Characteristics of study population (n = 2270) SD standard deviation Table 2 shows the models with BMI in its continuous form as dependent variable. The parameter estimates presented in the table reflect the change in BMI (in kg/m2) for each one-unit difference for continuous covariates or switching from one category to the other for categorical covariates. For example, a 1-year increase in age was associated with a 0.15 kg/m2 higher BMI in the gamma and linear models, while for quantile models this increase was 0.11, 0.14 and 0.18 kg/m2 for the 0.25, 0.50 and 0.75 quantiles, respectively. The models resulting from gamma and linear regressions display the same significant variables and the coefficient values were similar. In the quantile regression, all the variables considered were also significant for the 0.75 quantile. In the models, however, the variable years worked at night was not significantly associated with BMI in the 0.25 and 0.50 quantiles, nor was mother’s schooling in the latter quantile. Of the models evaluated, the gamma model (AIC = 12,183) returned best fit, followed by the models for the 0.25 and 0.5 quantiles (AIC = 12,310 and AIC = 12,318, respectively).

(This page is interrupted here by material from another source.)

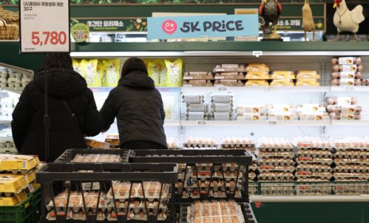 달걀 가격의 오름폭이 커지는 가운데 소비자들이 25일 서울 한 대형마트 판매대에서 달걀을 고르고 있다. 축산물품질평가원에 따르면 달걀 특란 한 판(30개)의 평균 소비자가격은 지난 24일 기준 6835원으로 12월 평년 가격(6501원)에 비해 5.1% 비싸다.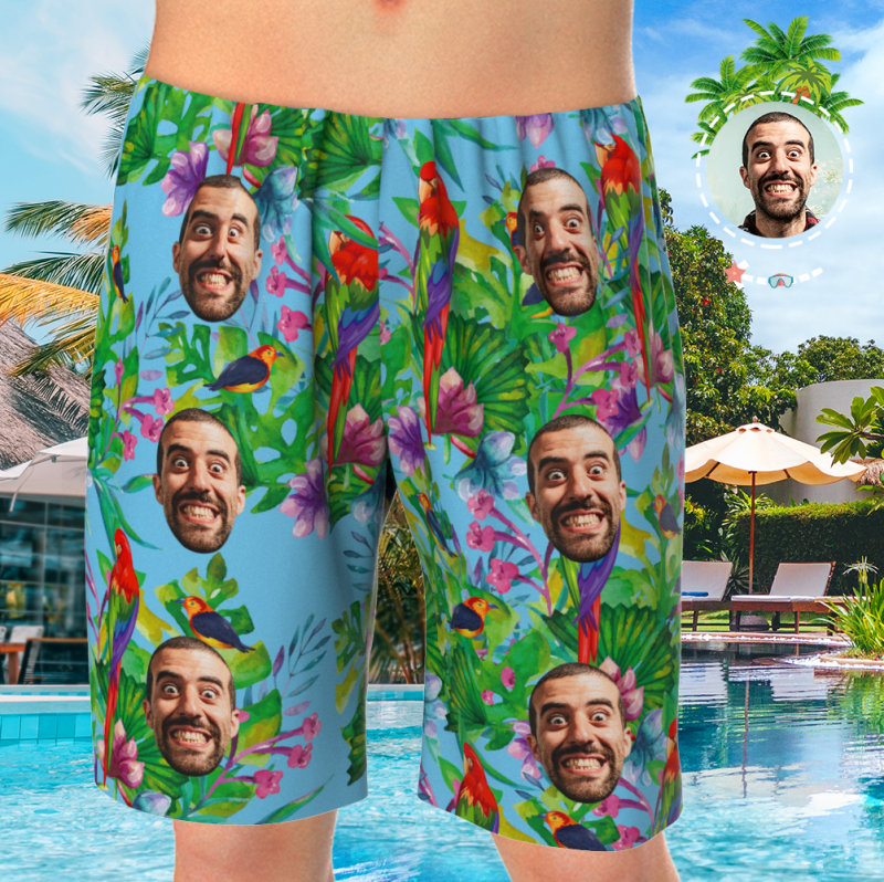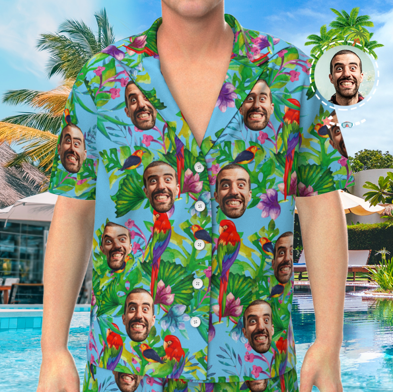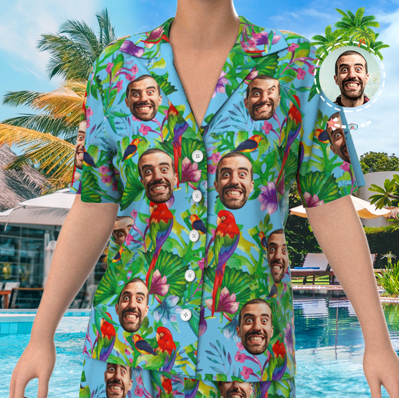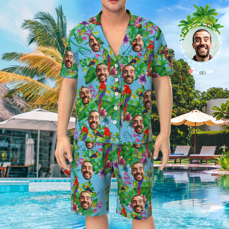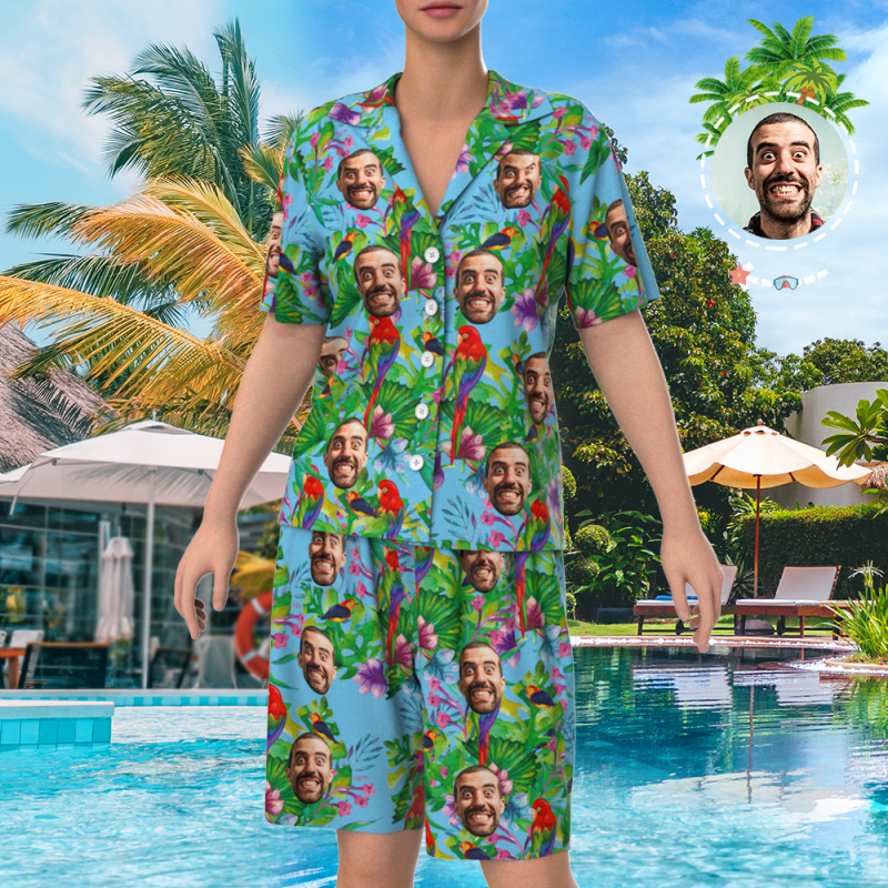 Custom Face On Pajamas Set, Short Sleeve Sleepwear, Button-Down Nightwear - Parrot

The worst fit was observed in the linear model (AIC = 12,601) and the model for the 0.75 quantile (AIC = 12,954), while residual distribution in the former did not support the normality assumption (see Additional file 2).

Table 2

Coefficients and 95 % confidence intervals (CI) of the multivariable linear, gamma and quantile models

Variables	Coefficient (95 % CI)
	Gamma	Linear	Quantile
	Gamma	Linear	Quantile 0.25	Quantile 0.50	Quantile 0.75
Age	0.15 (0.14, 0.17)	0.15 (0.13, 0.17)	0.11 (0.09, 0.12)	0.14 (0.12, 0.16)	0.18 (0.16, 0.21)
Marital status^a
With partner	0.59 (0.28, 0.90)	0.60 (0.26, 0.93)	0.43 (0.16, 0.79)	0.54 (0.23, 0.85)	0.76 (0.39, 1.14)
Race/colour^b
Brown	−0.96 (−1.51, −0.42)	−0.97 (−1.53, −0.41)	−0.43 (−0.98, 0.12)	−0.89 (−1.65, −0.14)	−1.63 (−2.30, −0.96)
White	−1.19 (−1.71, −0.68)	−1.23 (−1.76, −0.70)	−0.73 (−1.21, −0.25)	−1.28 (−2.03, −0.53)	−1.86 (−2.50, −1.22)
Mother’s schooling^c
9–11 years	0.21 (−0.13, 0.56)	0.21 (−0.17, 0.58)	−0.10 (−0.40, 0.20)	0.27 (−0.09, 0.62)	0.21 (−0.19, 0.61)
12 or more years	0.69 (0.26, 1.12)	0.80 (0.34, 1.26)	0.42 (0.02, 0.81)	0.34 (−0.09, 0.76)	0.78 (0.13, 1.43)
Domestic overload^d
High	0.60 (0.27, 0.94)	0.63 (0.28, 0.98)	0.43 (0.11, 0.74)	0.61 (0.23, 0.99)	0.89 (0.48, 1.31)
Years worked at night	0.03 (0.01, 0.06)	0.03 (0.01, 0.06)	0.00 (−0.03, 0.02)	0.03 (−0.01, 0.06)	0.04 (0.01, 0.07)
Self-rated health^e
Poor	1.52 (1.20, 1.85)	1.62 (1.28, 1.97)	1.12 (0.79, 1.45)	1.50 (1.12, 1.87)	1.75 (1.32, 2.19)
Consumption of fried food^f
1–3×/month	1.00 (0.41, 1.58)	1.06 (0.42, 1.71)	0.93 (0.26, 1.61)	0.90 (0.25, 1.55)	0.99 (0.02, 1.96)
1–3×/week	1.22 (0.64, 1.80)	1.27 (0.62, 1.91)	0.86 (0.20, 1.52)	0.95 (0.28, 1.63)	1.24 (0.24, 2.24)
4–6×/week	1.41 (0.71, 2.11)	1.61 (0.84, 2.37)	1.02 (0.30, 1.74)	1.20 (0.38, 2.02)	1.55 (0.45, 2.65)
Daily	1.50 (0.69, 2.32)	1.42 (0.53, 2.30)	0.82 (0.13, 1.51)	1.01 (0.17, 1.84)	2.14 (0.99, 3.29)
Physical inactivity^g
Yes	0.75 (0.42, 1.80)	0.80 (0.43, 1.15)	0.45 (0.17, 0.74)	0.78 (0.46, 1.10)	0.88 (0.49, 1.27)
BMI at age 20 years	0.93 (0.88, 0.99)	0.90 (0.81, 0.91)	0.84 (0.78, 0.90)	0.97 (0.92, 1.03)	1.09 (1.03, 1.16)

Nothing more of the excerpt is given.